The Wahlenpark is a public park in New Oerlikon in the northern part of Zurich. The park covers 139,931 ft². It was created in 2005 as part of the regional development "Zentrum Zürich Nord", as the last of four parks. The architects envisaged a multi-functional space for play and movement to be used by local residents and young people from the nearby school.

==Development==

The Wahlenpark was handed over to the population with an opening ceremony in June 2005. The park’s name commemorates Friedrich Traugott Wahlen (1899–1985), the agronomist and later federal councillor, who lived in Zurich’s Oerlikon district.
The project, which was drafted by the planning company Dipol Landscape Architects, Basel / Christopher T. Hunziker, Zurich in cooperation with the engineering company Hans H. Moser, Zurich was selected in an internationally advertised competition.
In 2004, the construction of the park started with a full clean-up of the contaminated sites.

==Design==

The park, which is part of the urban and open space development in Oerlikon, consists of three areas: the trees, the playing field, and the promenade. The volume of the trees opposite the school and the promenade, which is lined with linden trees, define the elongated, wide space in the centre of the park. This size, which is unique in this district of the city, is accentuated by the flat playing field. Seven different beech tree species are lined up to an alley in a manner reminiscent of ancient British garden design.

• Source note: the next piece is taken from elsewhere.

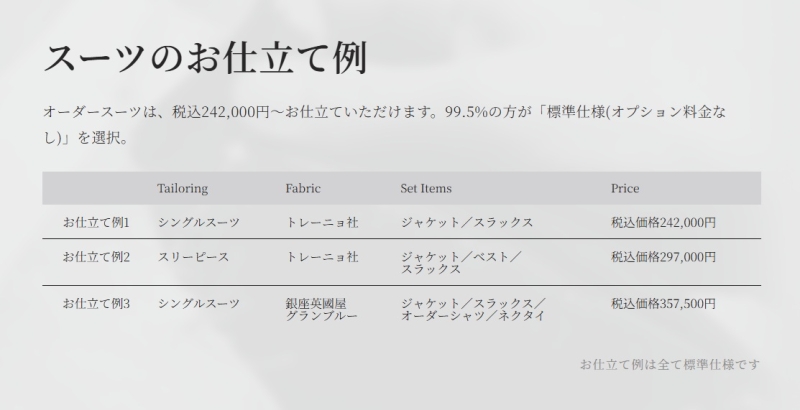 既製スーツや低価格帯のオーダースーツと比較すると、銀座英國屋の価格は決して安くはありません。

The generous park lawns invite you to take part in sport and games, to paddle in the water basin, and to take a stroll in the beech woods. The playing field, which is uncharacteristically open for the surrounding area, compromises four distinct functional elements: a vast sculpt-tural lighting mast, a robust ball stop net, a paddling pool with a wide concrete rim and a shade structure, all of which offer a contrast to the monochrome lawn. At night, the 160 m long seats are lit in a romantic blue colour with 7000 glass stones and change the park into a fairytale place.